远距离逆行轨道的近距离编队轨道保持策略
收稿日期: 2024-02-22
修回日期: 2024-04-25
录用日期: 2024-06-13
网络出版日期: 2024-06-25
基金资助
中国科学院战略性先导科技专项(XDA30010200)
Stationkeeping strategies for close formation flight on distant retrograde orbits
Received date: 2024-02-22
Revised date: 2024-04-25
Accepted date: 2024-06-13
Online published: 2024-06-25
Supported by
Strategic Priority Research Program of the Chinese Academy of Sciences(XDA30010200)
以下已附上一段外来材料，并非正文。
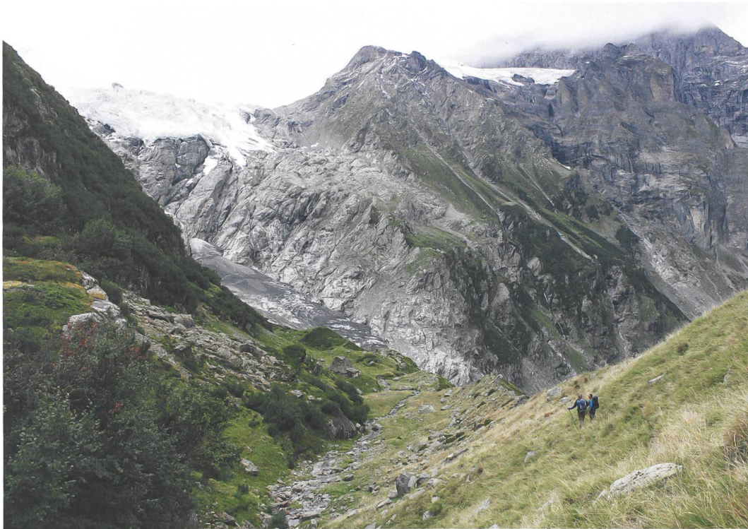
Abb. 8: Grindelwald, Zäsenberg. Die Geländeterrassen des Zäsenbergs sind noch heute eine grüne Insel, nicht mehr im Eis, aber in der Geröllwüste des verschwundenen Gletschers. Im Hintergrund die Grashänge des Challi, die ebenfalls als Weidegebiet der Gletscheralp dienten. Blick nach Westen.

die Zeit, um mit Sondierungen nach Nutzungsniveaus und archäologischen Datierungshinweisen für die Bauten zu suchen. Aber dieser erste archäologische Augenschein belegt eine unerwartete Menge an Spuren der Alpwirtschaft und des frühen Alpinismus im Gelände der heute so unzugänglichen Alpweiden auf dem Zäsenberg. Mit weiteren Entdeckungen und Erkenntnissen zur Geschichte dieser isolierten Gletscheralp ist mit Sicherheit zu rechnen (Abb. 8).

远距离逆行轨道(DRO)是地月空间中一族大尺度、绕月逆行的周期轨道,由于具有长期稳定和低能转移的优势,其已成为许多地月空间任务的潜在轨道。研究DRO上的近距离编队技术对于地月空间在轨服务等任务具有重要意义。由于导航误差和控制误差的存在,因此有必要研究DRO近距离相对运动的误差演化,并进行轨道保持策略的设计。首先,介绍了通过Floquet分解得到的DRO线性化相对运动的基础解集。然后,针对以周期解为基础的伴飞编队,分别采用柯西-格林张量和无迹变换对DRO伴飞编队进行了敏感性和安全性的分析,基于这些分析并且考虑工程约束,发现机动频率为每个周期2次且机动位置位于2个近月点处是较优的轨道保持方案。之后,分别基于相对轨迹跟踪和绝对相位偏置的思想给出了两种轨道保持算法。仿真结果显示,2种算法都能保证DRO近距离编队保持长期的安全性以及合理的构型。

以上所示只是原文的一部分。